**TASK INSTRUCTIONS:**
Copy out exactly the stretch of the listing below that begins at the line containing "Embrace your inner" and ends at the line containing "조금씩 다를 수 있음)", and copy nothing outside it.

** RECORDED DATA follows **

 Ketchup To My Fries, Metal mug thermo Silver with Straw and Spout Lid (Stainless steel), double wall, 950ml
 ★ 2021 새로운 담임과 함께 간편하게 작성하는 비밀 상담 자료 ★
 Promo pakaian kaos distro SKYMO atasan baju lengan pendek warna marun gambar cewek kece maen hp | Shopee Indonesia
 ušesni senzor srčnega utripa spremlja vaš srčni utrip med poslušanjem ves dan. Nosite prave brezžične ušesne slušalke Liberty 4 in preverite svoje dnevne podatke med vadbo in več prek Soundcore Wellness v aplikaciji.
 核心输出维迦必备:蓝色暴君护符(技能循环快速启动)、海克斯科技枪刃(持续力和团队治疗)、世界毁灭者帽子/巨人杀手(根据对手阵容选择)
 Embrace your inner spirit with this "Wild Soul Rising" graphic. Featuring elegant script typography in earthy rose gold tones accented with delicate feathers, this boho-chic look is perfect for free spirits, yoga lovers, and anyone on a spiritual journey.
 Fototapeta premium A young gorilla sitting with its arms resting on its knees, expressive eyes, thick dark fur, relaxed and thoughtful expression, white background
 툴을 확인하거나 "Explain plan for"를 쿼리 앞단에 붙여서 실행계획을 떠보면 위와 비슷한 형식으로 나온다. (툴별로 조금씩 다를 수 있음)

** End of RECORDED DATA **
** RECORDED DATA follows **

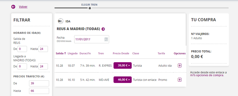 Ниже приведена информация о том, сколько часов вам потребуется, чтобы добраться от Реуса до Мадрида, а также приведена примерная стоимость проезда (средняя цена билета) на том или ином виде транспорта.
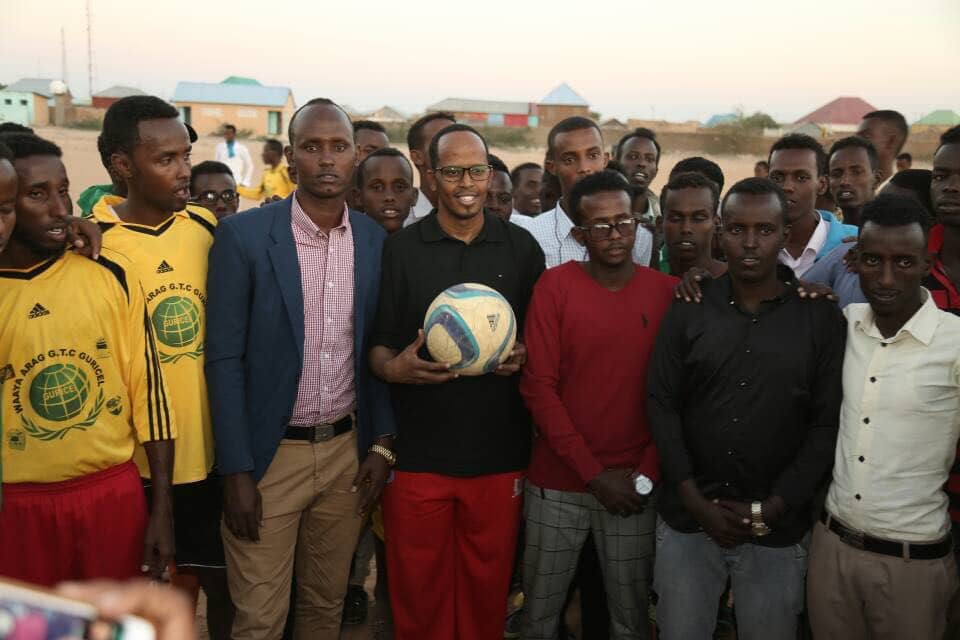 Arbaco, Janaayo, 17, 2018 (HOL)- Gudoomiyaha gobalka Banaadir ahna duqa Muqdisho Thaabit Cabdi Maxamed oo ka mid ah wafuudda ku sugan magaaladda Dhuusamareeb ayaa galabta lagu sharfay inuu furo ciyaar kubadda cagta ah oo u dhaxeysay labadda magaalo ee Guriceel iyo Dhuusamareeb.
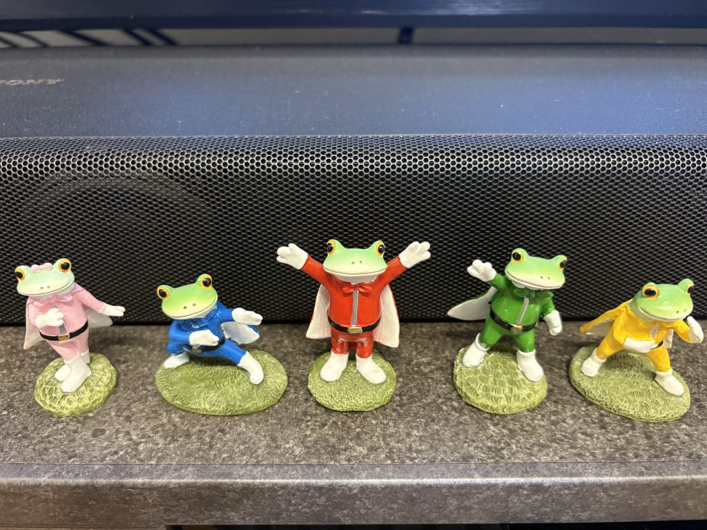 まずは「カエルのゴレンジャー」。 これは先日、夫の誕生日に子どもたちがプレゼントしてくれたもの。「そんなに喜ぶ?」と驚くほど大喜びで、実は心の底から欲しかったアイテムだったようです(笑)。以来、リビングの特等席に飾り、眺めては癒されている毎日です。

** End of RECORDED DATA **

**SOLVED EXERCISE:**
 Embrace your inner spirit with this "Wild Soul Rising" graphic. Featuring elegant script typography in earthy rose gold tones accented with delicate feathers, this boho-chic look is perfect for free spirits, yoga lovers, and anyone on a spiritual journey.
 Fototapeta premium A young gorilla sitting with its arms resting on its knees, expressive eyes, thick dark fur, relaxed and thoughtful expression, white background
 툴을 확인하거나 "Explain plan for"를 쿼리 앞단에 붙여서 실행계획을 떠보면 위와 비슷한 형식으로 나온다. (툴별로 조금씩 다를 수 있음)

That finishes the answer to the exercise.